WORK TO BE COMPLETED ▸
Below are some records. Print exactly the lines between the one holding "2025芒果tv剧集点播集均" and the one holding "После линейки, посвященной", inclusive, and nothing else.

***** DATA SUPPLIED *****

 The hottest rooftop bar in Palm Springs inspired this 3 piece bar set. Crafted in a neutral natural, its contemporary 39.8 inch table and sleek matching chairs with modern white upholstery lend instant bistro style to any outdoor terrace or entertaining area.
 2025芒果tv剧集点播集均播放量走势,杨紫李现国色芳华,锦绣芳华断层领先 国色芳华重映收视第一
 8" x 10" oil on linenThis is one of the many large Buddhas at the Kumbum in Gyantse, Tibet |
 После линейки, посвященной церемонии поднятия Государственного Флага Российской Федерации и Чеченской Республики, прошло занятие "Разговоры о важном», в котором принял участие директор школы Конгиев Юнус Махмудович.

*****
***** DATA SUPPLIED *****

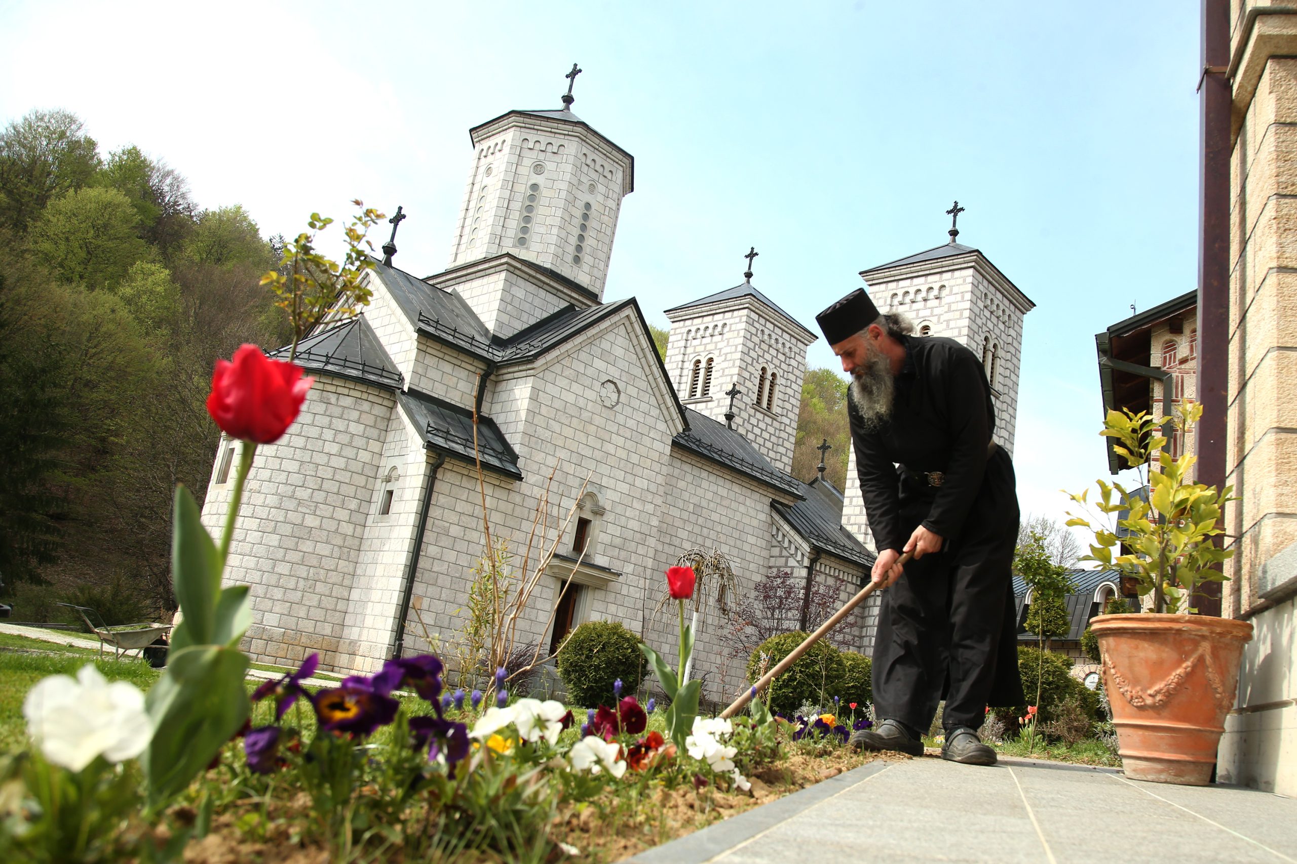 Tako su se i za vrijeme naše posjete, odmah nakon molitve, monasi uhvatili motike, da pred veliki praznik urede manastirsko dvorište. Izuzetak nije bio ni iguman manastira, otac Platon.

*****
***** DATA SUPPLIED *****

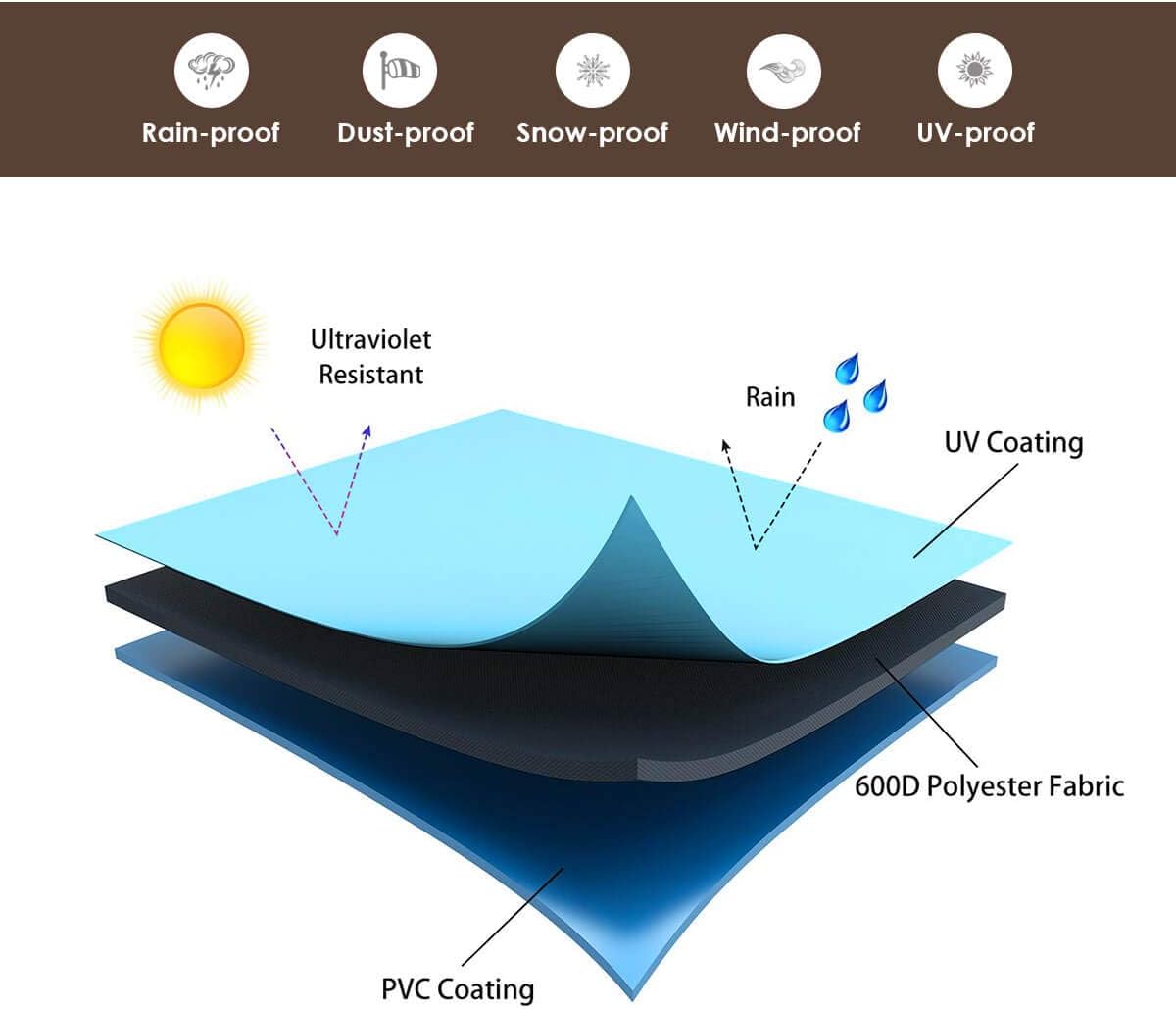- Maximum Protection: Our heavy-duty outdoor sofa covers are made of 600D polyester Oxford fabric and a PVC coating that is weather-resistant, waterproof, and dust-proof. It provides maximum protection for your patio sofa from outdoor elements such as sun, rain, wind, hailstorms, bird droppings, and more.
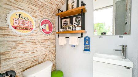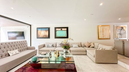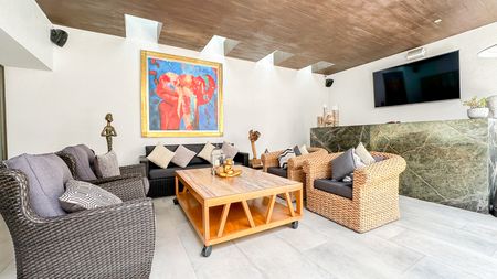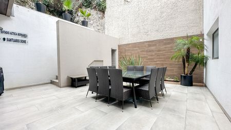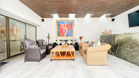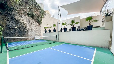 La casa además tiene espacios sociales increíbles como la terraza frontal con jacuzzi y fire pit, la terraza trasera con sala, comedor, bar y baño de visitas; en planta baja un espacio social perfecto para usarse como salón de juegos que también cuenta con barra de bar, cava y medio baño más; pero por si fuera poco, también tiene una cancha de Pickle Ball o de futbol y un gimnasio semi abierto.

*****

EXERCISE ANSWER ▸
 2025芒果tv剧集点播集均播放量走势,杨紫李现国色芳华,锦绣芳华断层领先 国色芳华重映收视第一
 8" x 10" oil on linenThis is one of the many large Buddhas at the Kumbum in Gyantse, Tibet |
 После линейки, посвященной церемонии поднятия Государственного Флага Российской Федерации и Чеченской Республики, прошло занятие "Разговоры о важном», в котором принял участие директор школы Конгиев Юнус Махмудович.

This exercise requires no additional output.